Уезжали вместе с рабочими на припозднившемся катафалке. Приятель задремал. А когда проснулся, сообщил, что снилась ему картина Верещагина, но не «Апофеоз войны» с черепушками, а та, на которой батюшка стоит с кадилом среди полузанесенных снегом павших воинов.

Прощаясь, он еще раз назвал меня тунеядцем и сказал: «Возвращайся в Москву».

 

Счет

 

Брату было шесть, сестре – двенадцать. В конце лета их вывезли из Москвы.

Вокзал, ночь, затемнение. Крики, плач. Холодные, неотапливаемые – чтобы не было искр над крышей – вагоны. Ни матрацев, ни одеял. На нижних полках самая мелкота валетом по двое, на верхних – старшие по одному. Наглухо зашторены окна, но свет все равно не зажигают – фонари только у проводников.

Полустанки, разъезды, станции. На станциях – кипяток. Воспитатели заваривают в бидонах чай – морковный, фруктовый, выдают сухие пайки. Семафоры, водокачки, стрелки, тупики, мосты, у мостов охрана, зенитки.

Далекая заволжская станция, колонна крытых брезентом грузовиков, разбитый проселок, лужи, грязь. Лес, убранные поля, среди полей – деревеньки. Снова лес, лес, лес. Наконец двухэтажное здание бывшего дома отдыха.

Среди ночи подъем – «тревога». Директор интерната – лихой, веселый мужчина в морской фуражке и летчицкой куртке, с кобурой на боку – выстраивает в коридоре старших, сообщает, что в районе кладбища высадился вражеский парашютист, которого надо обезвредить, и приказывает: «Вперед! Стране нужны только сильные и смелые люди!»

Гонит их на погост, заставляет ползать между могилами, дает «отбой». Одних благодарит «за смелость и мужество», другим выносит взыскания «за предательское малодушие». «Тревоги» отныне следуют через ночь, по ночам же устраиваются пионерские сборы и заседания совета дружины.

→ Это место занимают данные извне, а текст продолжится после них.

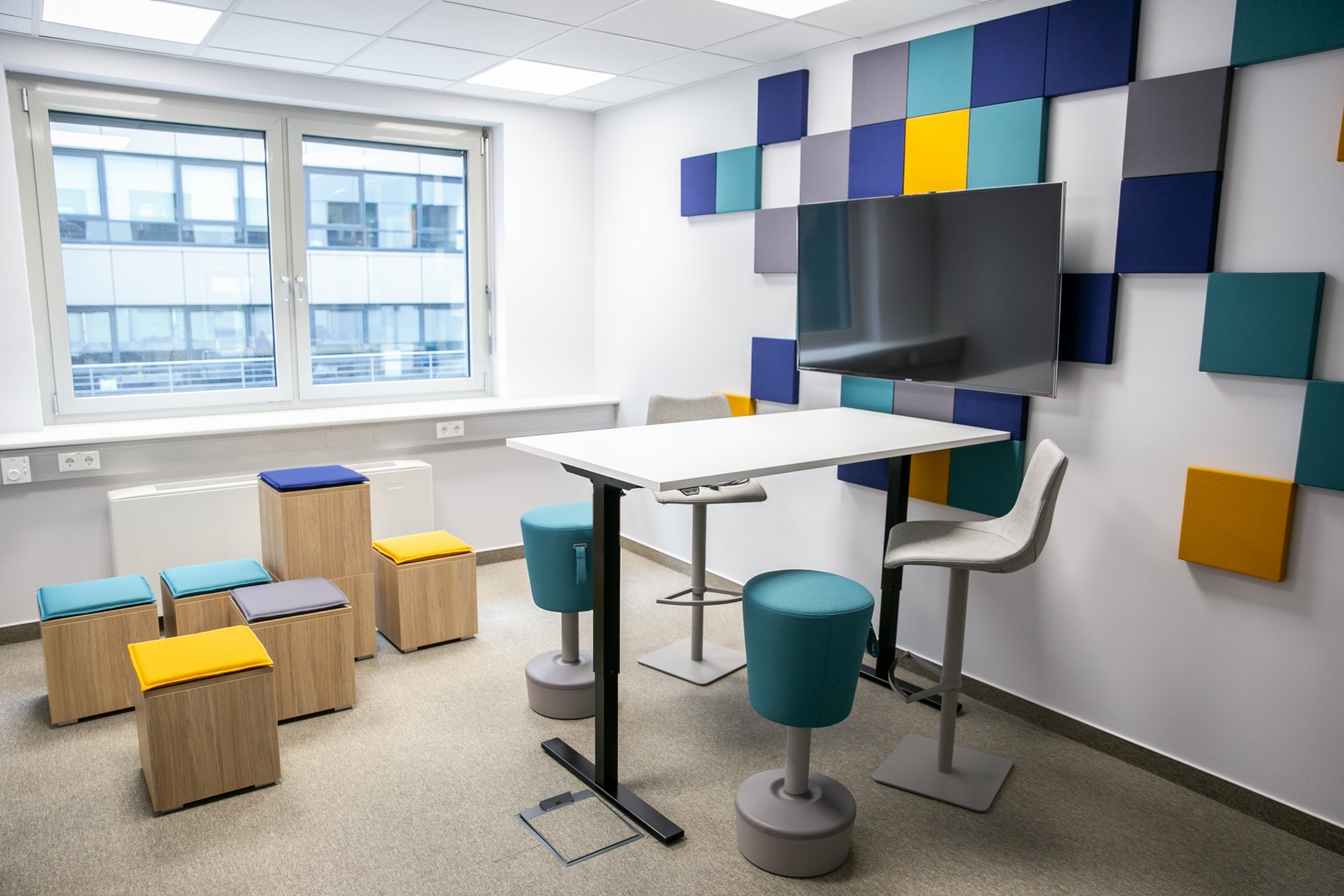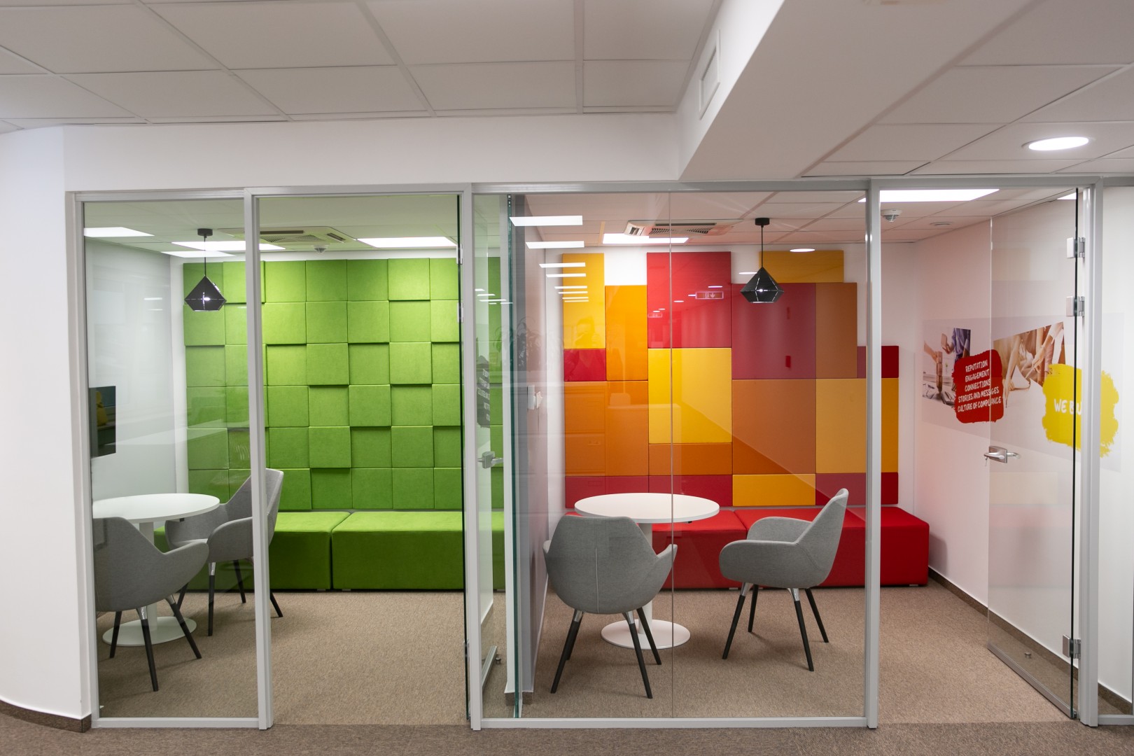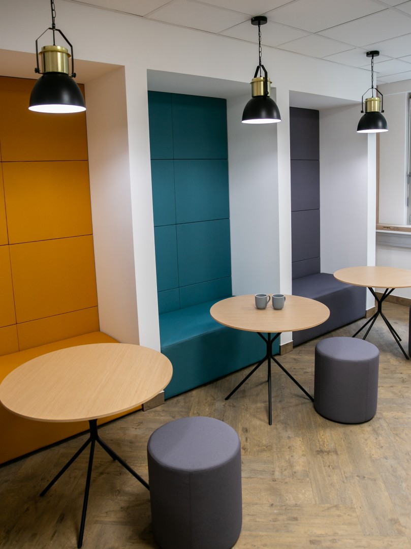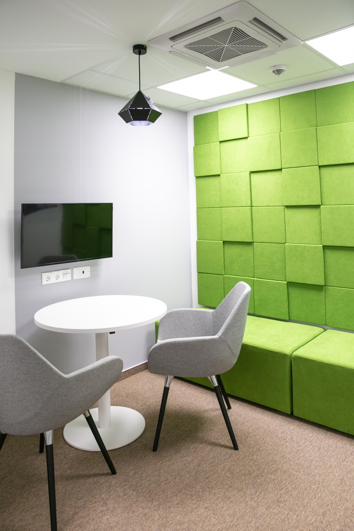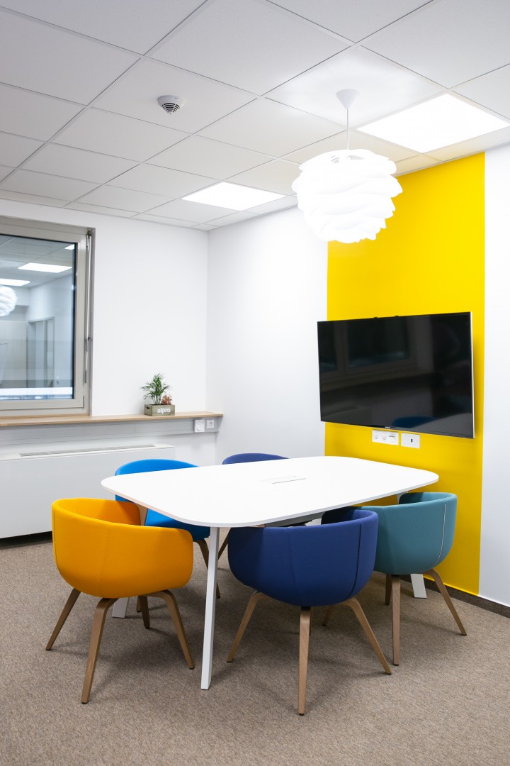 A munkaállomások egy tágas open office-ban kaptak helyet, azonban számtalan olyan privát szobát alakítottunk ki, ahol nyugodt környezetben el tudnak vonulni, telefonálni vagy éppen kicsit feltöltődni a dolgozók.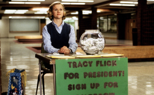 En Election (Alexander Payne, 1999) Jim McAllister (Matthew Broderick) es un profesor que enseña, entre otras cosas, moral y ética en un instituto de Omaha. Durante las elecciones escolares tiene que vérselas con su brillante y detestada alumna Tracy Flick (Reese Witherspoon. Tracy quiere ganar las elecciones y hará lo que esté en su mano para conseguirlo. Jim McAllister, por motivos personales, en vez de arbitrar imparcialmente en el evento, quiere pararle los pies a Tracy. Hacia la mitad de la cinta, consigue acorralar a la chica y, convencido de que vivir con honradez es la mejor opción, le larga un discurso moralista que, por supuesto, cae en saco roto, en el saco roto de la ambición desmedida de Tracy. La estudiante gana las elecciones a pesar de los obstáculos que le pone Jim, quien, en el proceso pierde su empleo y a su mujer. Al final de la película la vida de los dos personajes vuelve a cruzarse fugazmente. Tracy, vestida de traje, está entrando en la limusina de un político republicano, mientras que el señor McAllister, con cierta pinta de paleto, no puede hacer otra cosa que lanzarle el vaso de plástico que tiene en la mano; es una forma de vengarse del destino y de ella. La limusina frena en seco. Jim echa a correr en dirección contraria, como si fuese un auténtico delincuente.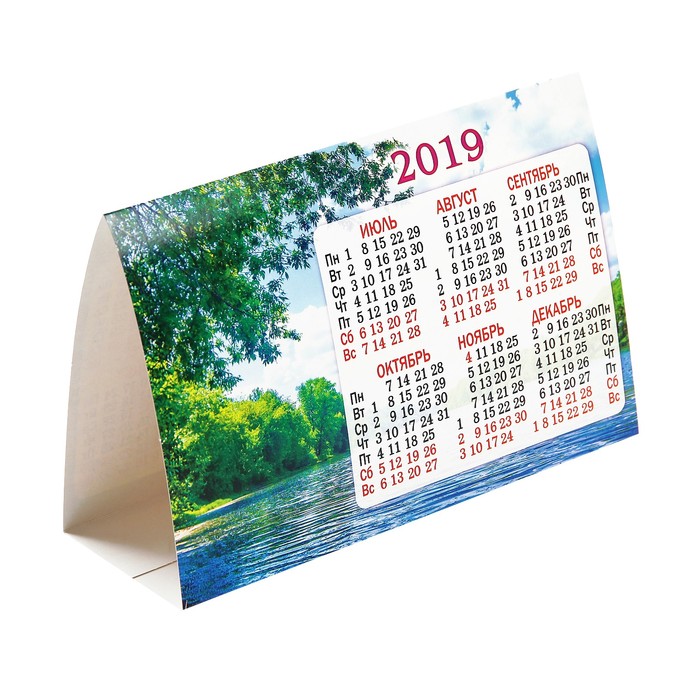 Календарь-домик треугольный "Природа. Полянка у воды, летний полдень" 2019 год, 18,8х13см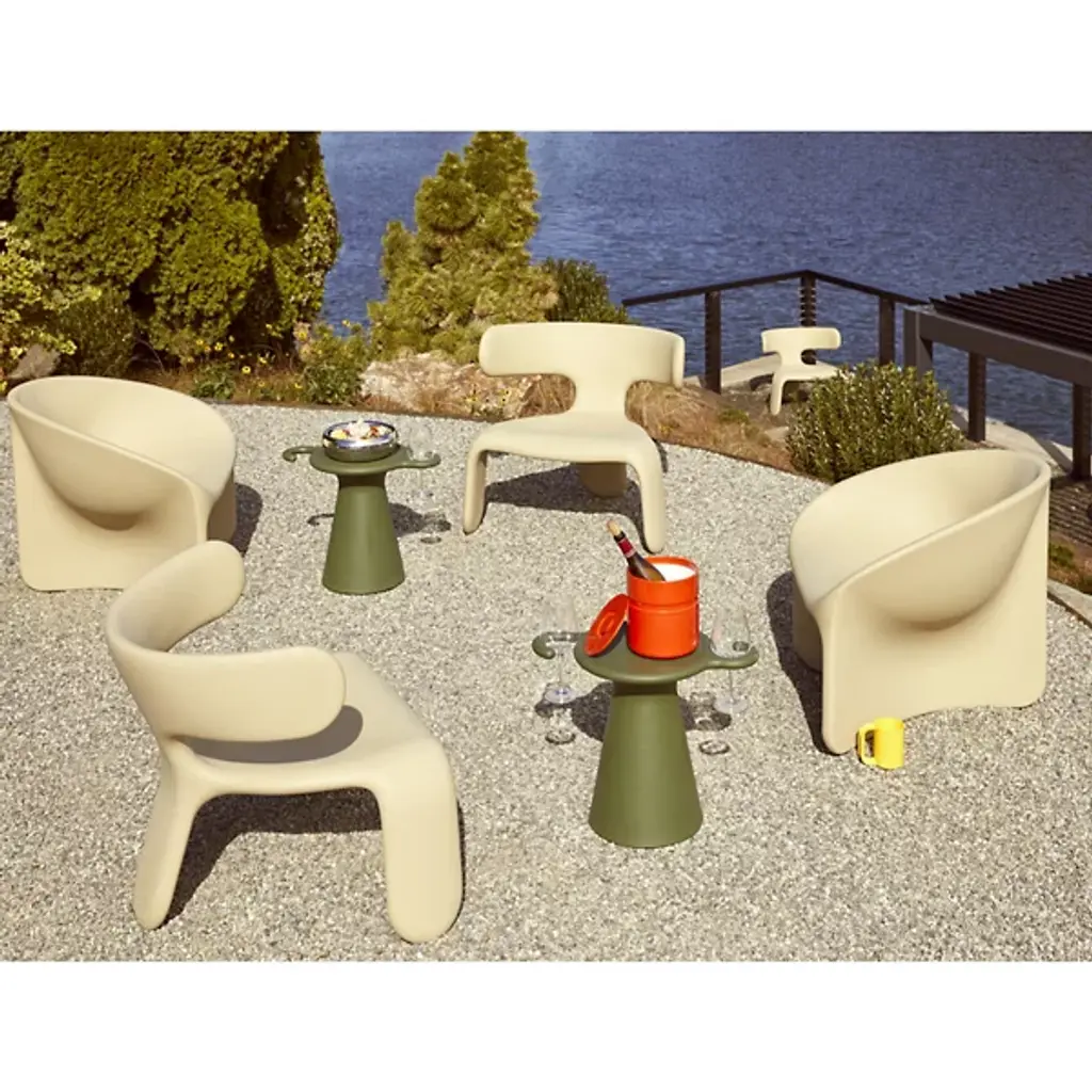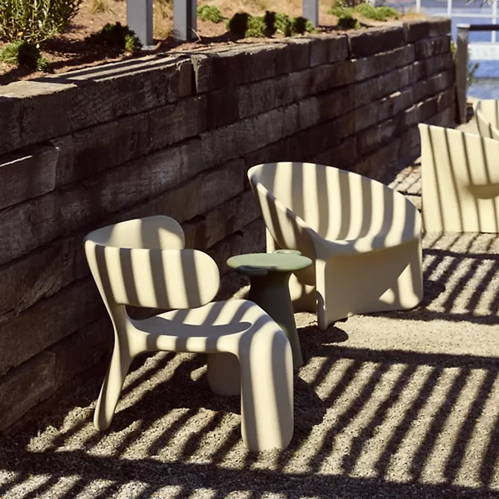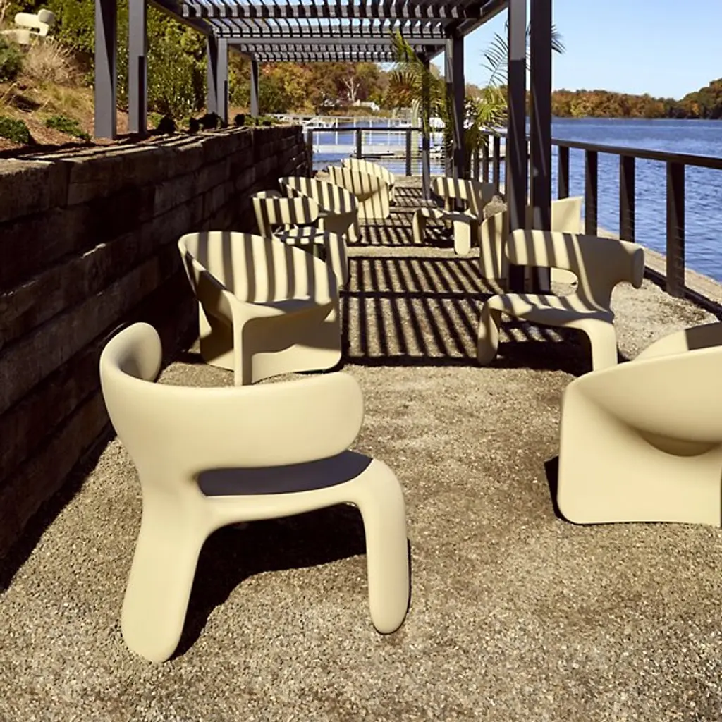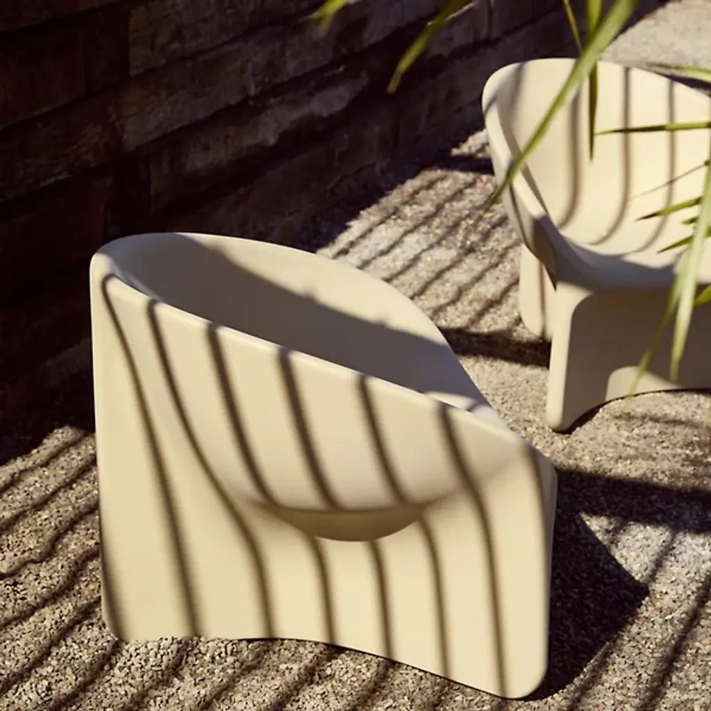 The Bluff Lounge Chair from Heller features an organic and modern design with a comfortable form. The scooped-out design of the seat was inspired by coastal rock formations, where the sea has carved shapes into the rocks. Designer Hlynur Atlason sought to create a chair you'd "no longer [be] aware of when you're seated." The seat also has a drainage hole to prevent pooling, enabling outdoor use. This lounge chair is made in the USA from a high percentage of recycled polyethylene and is 100% recyclable, making it eco-friendly.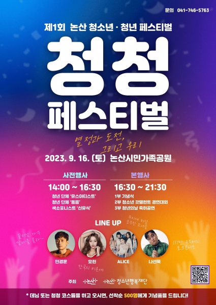 백성현 논산시장은 “강경젓갈축제에 상월고구마를 조화시켜 새로운 축제가 만들어진 것처럼, 청년의 날 행사에 청소년 문화제가 더해져 커다란 시너지 효과가 만들어질 것으로 기대한다”며 “청청페스티벌을 지역의 미래인 젊은 세대들이 함께 즐기고 호흡할 수 있는 화합의 장으로 만들겠다”고 말했다.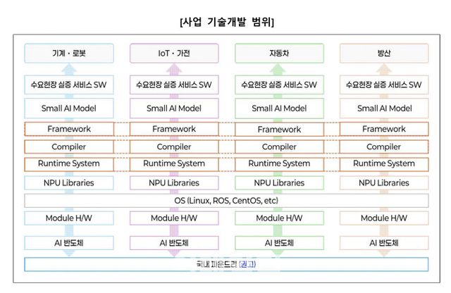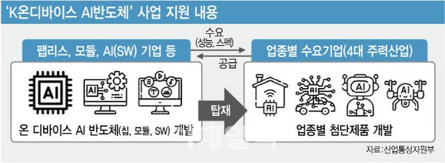 이는 기업들이 원하는 AI 반도체를 국내 토종 팹리스가 설계하고, 국내 파운드리(반도체 위탁생산)가 생산하는 형태다. 수요 기업과 팹리스, 파운드리를 연결해주는 사업이다. 업종별로 온디바이스 AI 칩을 개발해 4대 주력 사업의 첨단 제품을 만드는 것까지 목표로 한다.
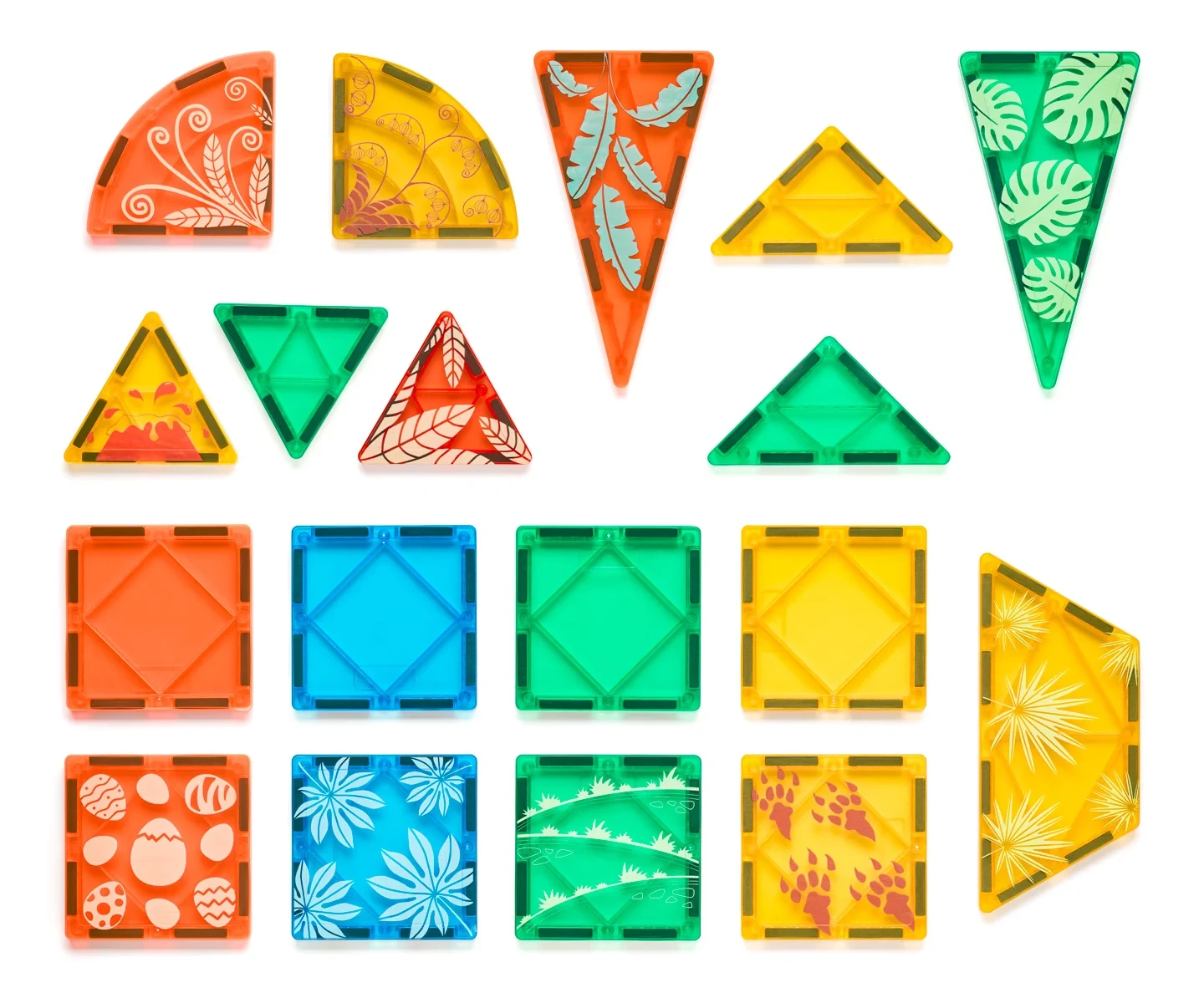 Obsah sady - 23 dielikov: 8 štvorcových dielikov, 7 trojuholníkových dielikov, 2 polkruhové dieliky, 1 štvoruholníkový dielik, 5 dinosaurov.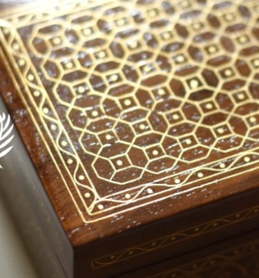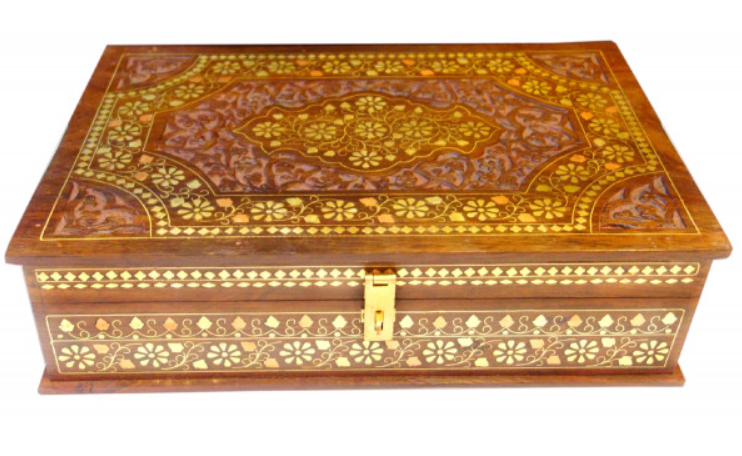Materials: Sheesham or mango wood with hand-cut brass inlay

Однажды на легковой машине прибывает начальство – гражданское и военное. Осматривают противопожарный инвентарь, заглядывают в продовольственную кладовку, дровяной сарай, проверяют документы у взрослых, и, к всеобщей неожиданности, интернат оказывается без директора.

– Это недоразумение, – успокаивает он растерявшихся подчиненных, – кое‑каких записей не хватает.

– На фронте добавят, – мрачно шутит военный и протягивает руку: – Оружие…

Директор расстегивает кобуру, передает револьвер и стыдливо опускает глаза: «Ненастоящий».

За неимением выбора новым руководителем назначается доставленный из ближайшей деревни бывший конюх.

– Титов? Иван Валерианович? – спрашивает военный, разглядывая конюхову справку.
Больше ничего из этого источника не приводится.